Thank you! This article was mighty helpful.
Just to clarify some points made earlier, if gitolite runs as the user git, then that user’s authorised keys file is different from an ordinary user’s file. It contains the administrator’s key, plus some magic to run the gitolite command when somebody makes a connection. (That’s why you don’t need to have a gitolite server running continuously - it’s run every time someone connects.) All the other user’s keys are stored as separate files in the admin project.
These are all just plain text files, so you can just look at them to get a clue what’s going on.
Hello I am getting an error when I try to clone the gitolite-admin repository.
Cloning into ‘gitolite-admin’… Received disconnect from [git server ip]: Too many authentication failures for git fatal: Could not read from remote repository.
Please make sure you have the correct access rights and the repository exists.

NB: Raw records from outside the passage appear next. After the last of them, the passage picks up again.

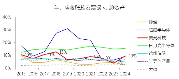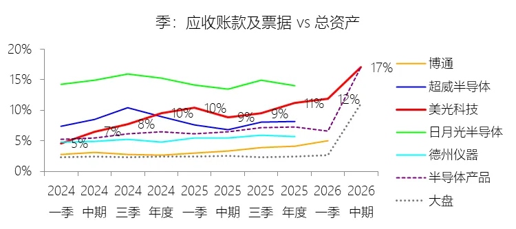 应收账款及票据:2026财年中期末,美光科技的应收账款及票据为173.14亿美元,对比年初增长86.88%,与总资产的比例为17.06%,同比上升8.15个百分点;2015-2024财年(十年),此项与总资产的平均比例为8.22%,比半导体产品行业的均值高1.99个百分点,长期呈下降趋势。比例短期上升主要由于人工智能(AI)驱动的内存和存储需求在2026财年中期爆发,导致营业收入同比大幅增长123.74%,直接推动了应收账款规模从年初的92.65亿美元飙升至173.14亿美元。由于短期内营业收入的增长速度远超总资产的扩张速度,且销售规模的急剧扩大使得期末未结算的贸易债权大幅增加,从而导致应收账款在总资产中的占比显著提升。比例长期下降主要由于美光科技所处的存储器行业具有极高的资本密集度,公司为保持技术领先和产能竞争力,在2015至2024财年期间持续进行大规模资本支出,投入资金用于建设晶圆厂及购置工艺设备(如EUV岩刻机),导致物业、厂房及设备(PP&E)等固定资产规模持续显著扩张。尽管应收账款随营收周期波动,但公司总资产基数在长期的技术迭代与产能扩产中增长更为稳健且幅度更大(九年复合增长12.45%),使得应收账款在资产总量中的相对权重在长期视角下呈现被动稀释的下降趋势。比例高于半导体产品行业的均值主要由于美光科技的客户结构具有高度集中化的特点,过去数年其前十大客户的收入贡献占比一直稳定在50%左右,大客户(如金士顿、英特尔等)单笔交易规模巨大且具有较强的议价能力。同时,存储产品具有较强的“大宗商品”属性,通常以高额订单形式向计算、数据中心和移动端的大型OEM厂商进行大批量销售,这种业务模式相较于半导体行业中客户群体更分散的模拟芯片或逻辑芯片领域,天然容易在资产负债表上形成更高比例的期末应收账款余额。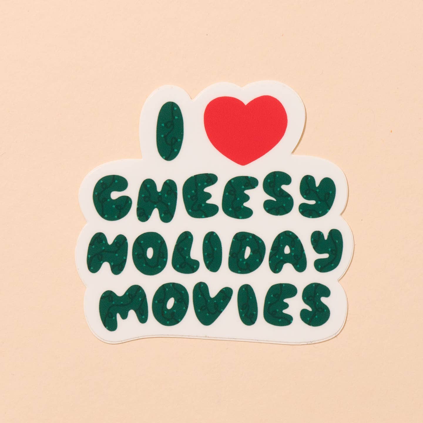 • Sticker reads "I ❤️ cheesy holiday movies"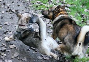 Met wandelen ga ik met de twee Spetsen op pad met een plan. Voordat ik dat kan uitvoeren, komen we een Pyrenese Berghond-pup van 4 maanden tegen - nu al maatje Joschka. Op 4 meter al begint Ronja te kronkelen. De pup stond al vol zelfvertrouwen, en dat groeit door Ronja's gedrag alleen maar. Na de kennismaking krijgt Ronja, die losloopt, de kolder in de kop en rent razendsnel rondjes om de Pyreneeër. Zijn eigenaar en ik moeten er hartelijk om lachen. Toch heeft ze geen behoefte om nog te spelen, ze houdt afstand tussen haarzelf en de andere pup, of ze danst druk voor hem op en neer. Als ik doorloop, aarzelt ze geen moment om met me mee te lopen. Kari heeft het grote witte ding al die tijd genegeerd.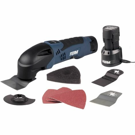 L’outil multifonction à batterie OTM1006 de FERM est adapté pour le sciage, le ponçage et le grattage. Cette outil multifonction sans fil est livré avec 4 accessoires différents : grattoir, lame E-cut, lame de scie segment et patin de ponçage dans un coffret robuste.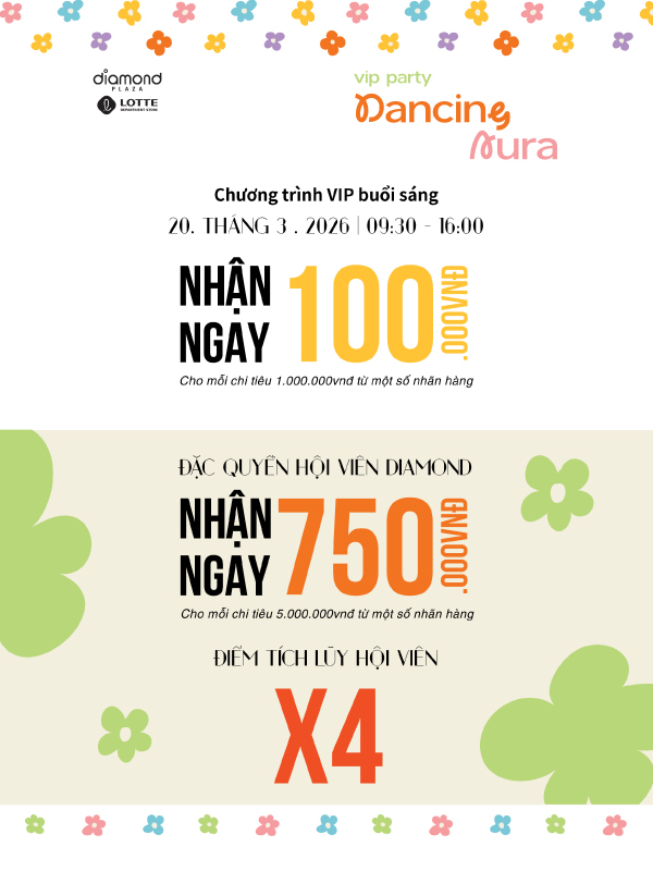 Cùng Diamond Plaza đón chờ Ngày Hội VIP Tháng 3 với những ưu đãi rộn ràng mà bạn chắc chắn không thể bỏ lỡ!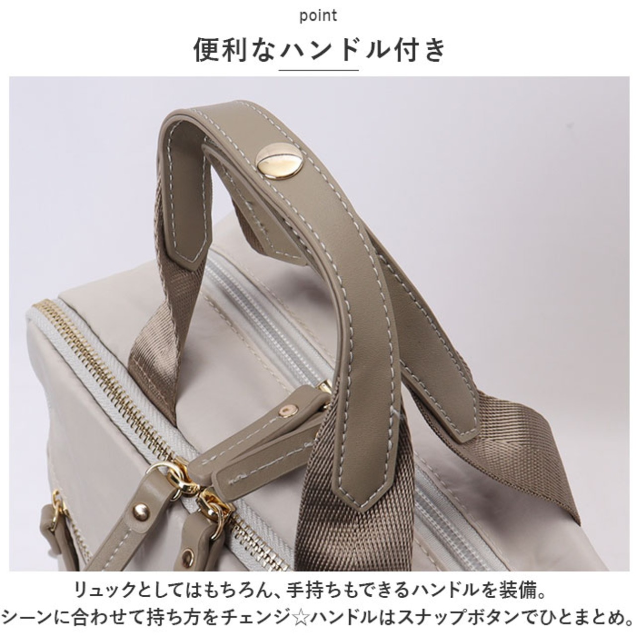 ・リュックとしてはもちろん、手持ちもできるハンドルを装備。シーンに合わせて持ち方をチェンジ☆ハンドルはスナップボタンでひとまとめ。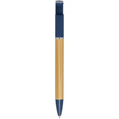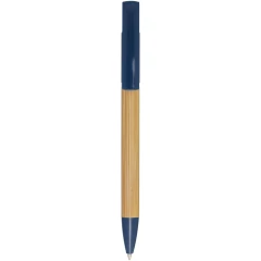 Bambusowy długopis, który pełni także funkcję uchwytu na telefon. Przycisk i środkowy pierścień wykonane są z tworzyw sztucznych pochodzących z recyklingu, końcówka z mosiądzu, a korpus z bambusa pozyskiwanego w sposób zrównoważony. Kolor tuszu: Czarny. Żywotność: 1000 metrów. Rozmiar stalówki: 1,0 mm.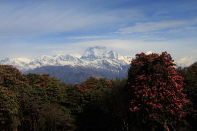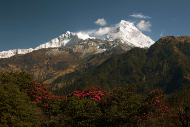We rise early and walk up to Poon Hill to catch the magnificent sunrise over the Himalayas. From Poon Hill, we also get incredible views of Mustang, Pokhara, and more than 20 of the highest mountains. After enjoying a cup of coffee, we trek back to Ghorepani. We have breakfast here then walk towards the east and climb a ridge. Our trail descends through rhododendron forests and waterfalls before we reach Tadapani. Overnight in Tadapani. Meals: Breakfast, Lunch, Dinner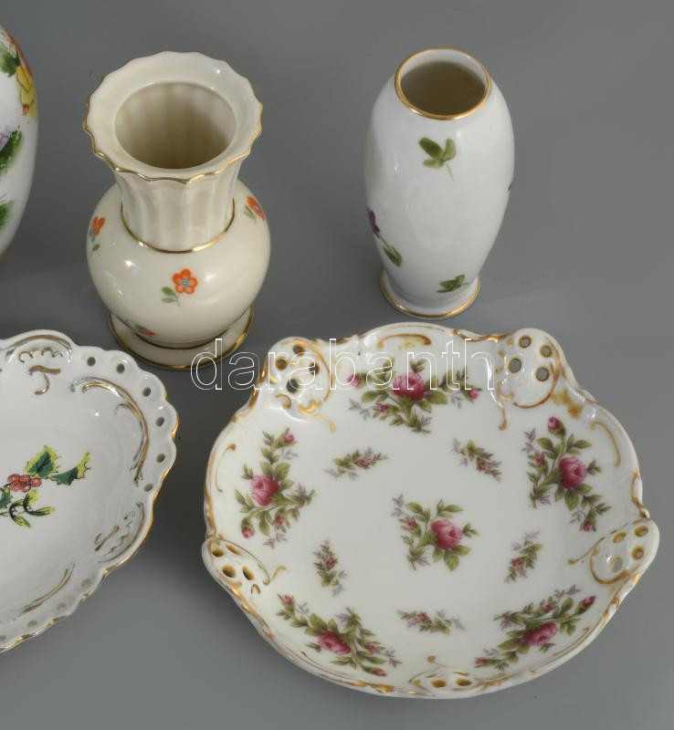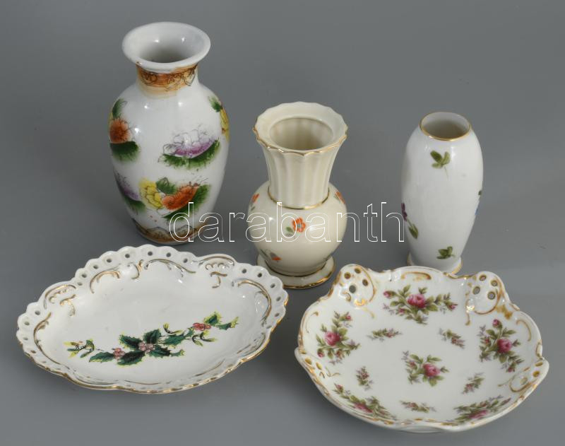 5 darab porcelán tárgy, váza, tálka, közte Rosenthal, Herendi, h: 14 cm alatt

I set the SSHD log level to debug and I see that SSH first tries /home/git/.ssh/authorized_keys and then tries /home/git/.ssh/authorized_keys2
I followed the the SSH key creation part of this article properly and I’ve confirmed that the pub key that is in /home/git/.ssh/authorized_keys is the same one that I am using when I try connecting to the remote repo as the git user. I have also verified that the permissions on the .ssh dir are set properly (700) as are the permissions on the private key file (600) on both the local and remote machines.
I am puzzled as to why SSH is looking in the authorized_keys2 file. I am also puzzled as to why the SSH key that is in authorized_keys is not working. Has anyone else had a similar issue or know of a way to resolve this?
If anyone is still using this, the newest version in apt is v3 and there’s a dedicated package for it so when you install, make sure to use:
see gitolite install docs
@verusfossa did you find that the rest of this tutorial worked as-is, despite installing the newest version of gitolite?
It should, but I actually ended up just pulling the latest tagged source code from git and followed gitolite’s official tutorial. I needed to refer to it for some more advanced things anyway, so just went ahead and used that.
Worked for me, your mileage may vary.